ABOUT THIS EXERCISE
Without any pictures, print the lines below from the one that has "04月22日,春秋航空收报5" through the one that has "Spring introduces a", exactly and nothing else.

---

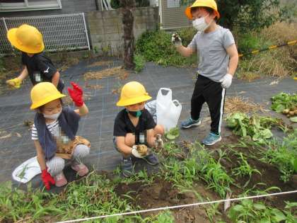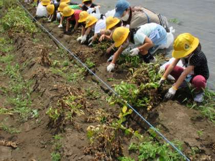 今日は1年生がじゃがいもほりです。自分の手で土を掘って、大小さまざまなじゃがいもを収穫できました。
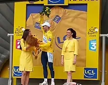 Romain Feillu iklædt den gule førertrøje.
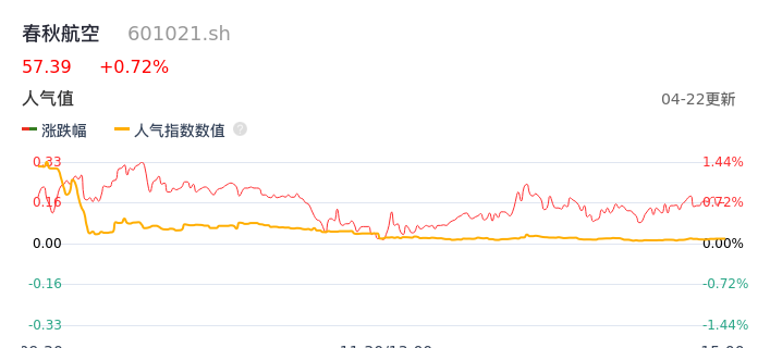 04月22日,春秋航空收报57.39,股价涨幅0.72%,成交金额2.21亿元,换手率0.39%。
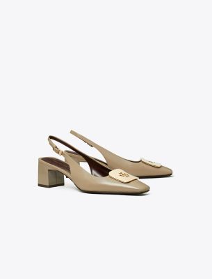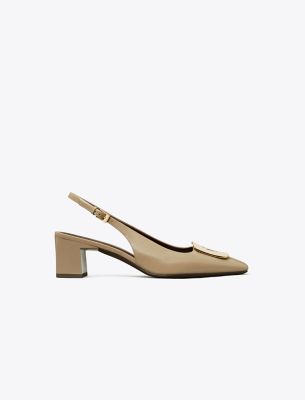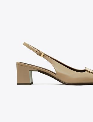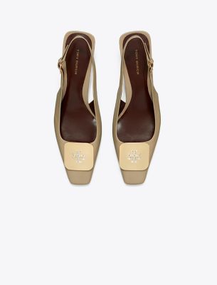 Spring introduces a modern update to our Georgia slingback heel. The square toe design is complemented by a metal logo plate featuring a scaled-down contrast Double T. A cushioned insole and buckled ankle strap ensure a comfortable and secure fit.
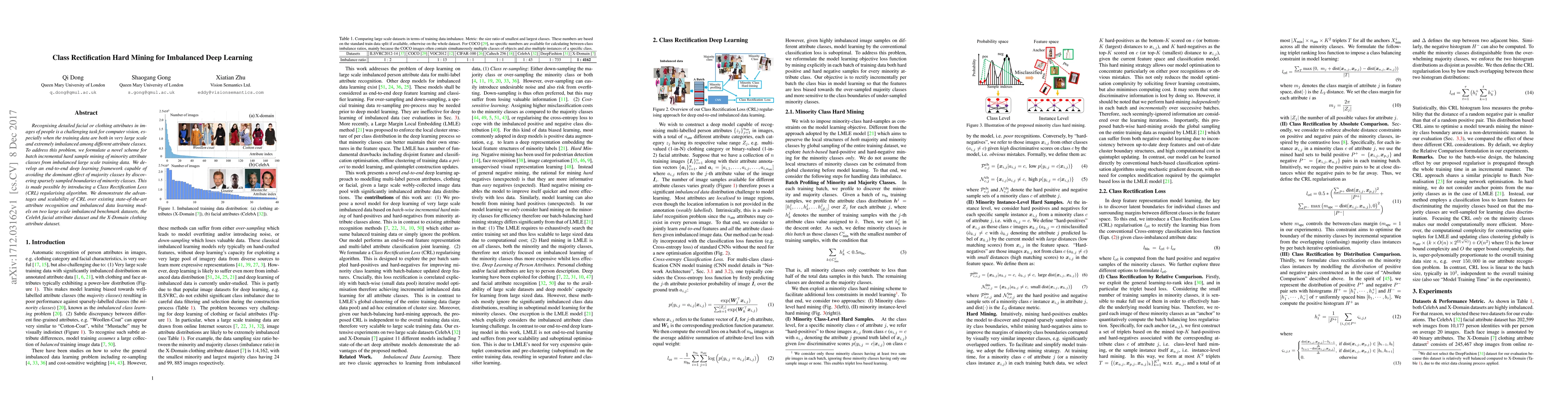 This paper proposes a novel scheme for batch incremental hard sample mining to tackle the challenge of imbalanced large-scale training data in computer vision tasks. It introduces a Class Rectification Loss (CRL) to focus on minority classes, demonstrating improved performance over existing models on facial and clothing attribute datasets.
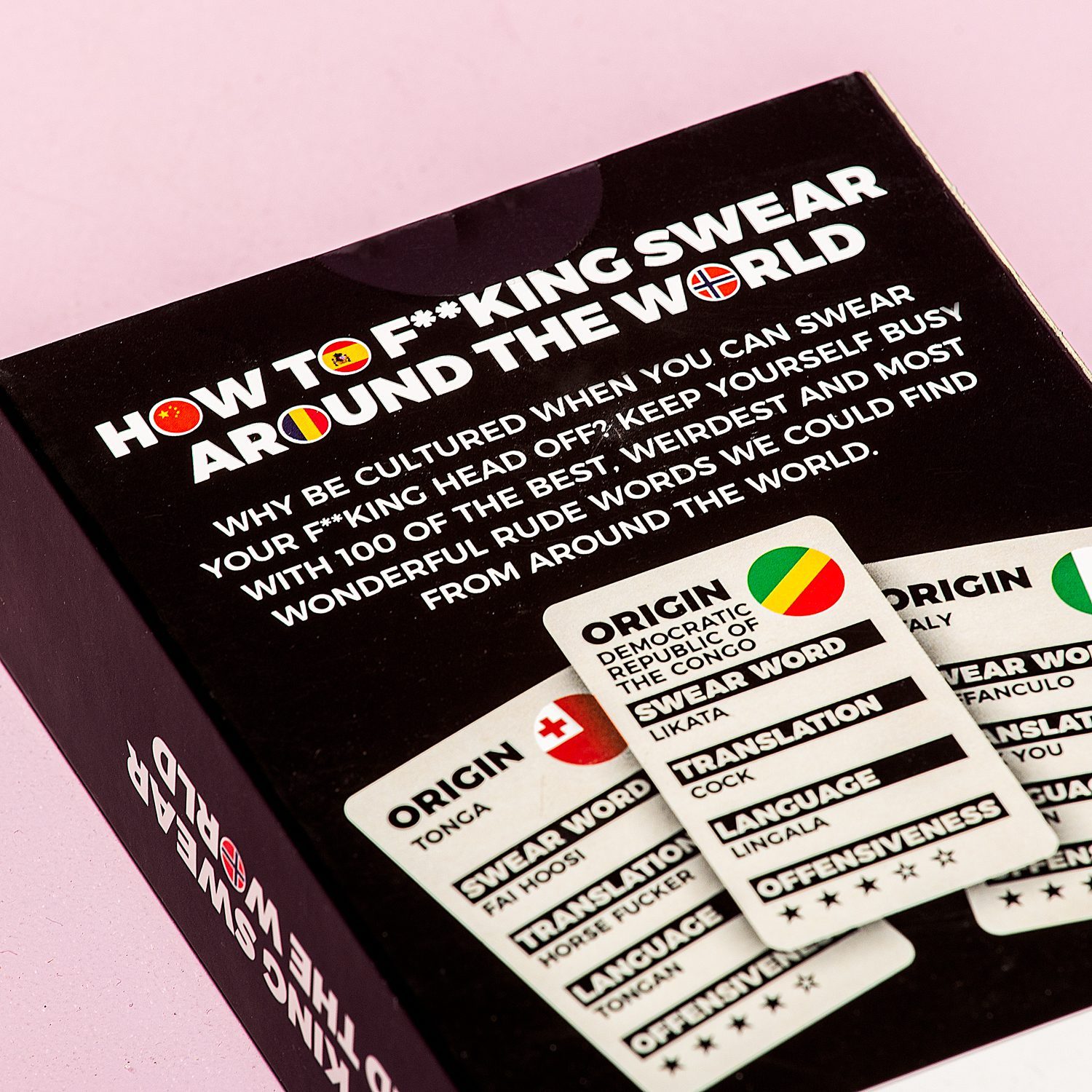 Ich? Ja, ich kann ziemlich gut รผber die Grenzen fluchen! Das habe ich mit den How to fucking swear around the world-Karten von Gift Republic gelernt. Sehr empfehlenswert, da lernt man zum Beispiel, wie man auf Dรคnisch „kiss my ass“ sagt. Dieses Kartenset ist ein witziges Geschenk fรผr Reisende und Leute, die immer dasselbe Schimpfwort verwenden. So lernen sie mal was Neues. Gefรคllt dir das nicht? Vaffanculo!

---

WRITTEN RESPONSE
 04月22日,春秋航空收报57.39,股价涨幅0.72%,成交金额2.21亿元,换手率0.39%。
 Spring introduces a modern update to our Georgia slingback heel. The square toe design is complemented by a metal logo plate featuring a scaled-down contrast Double T. A cushioned insole and buckled ankle strap ensure a comfortable and secure fit.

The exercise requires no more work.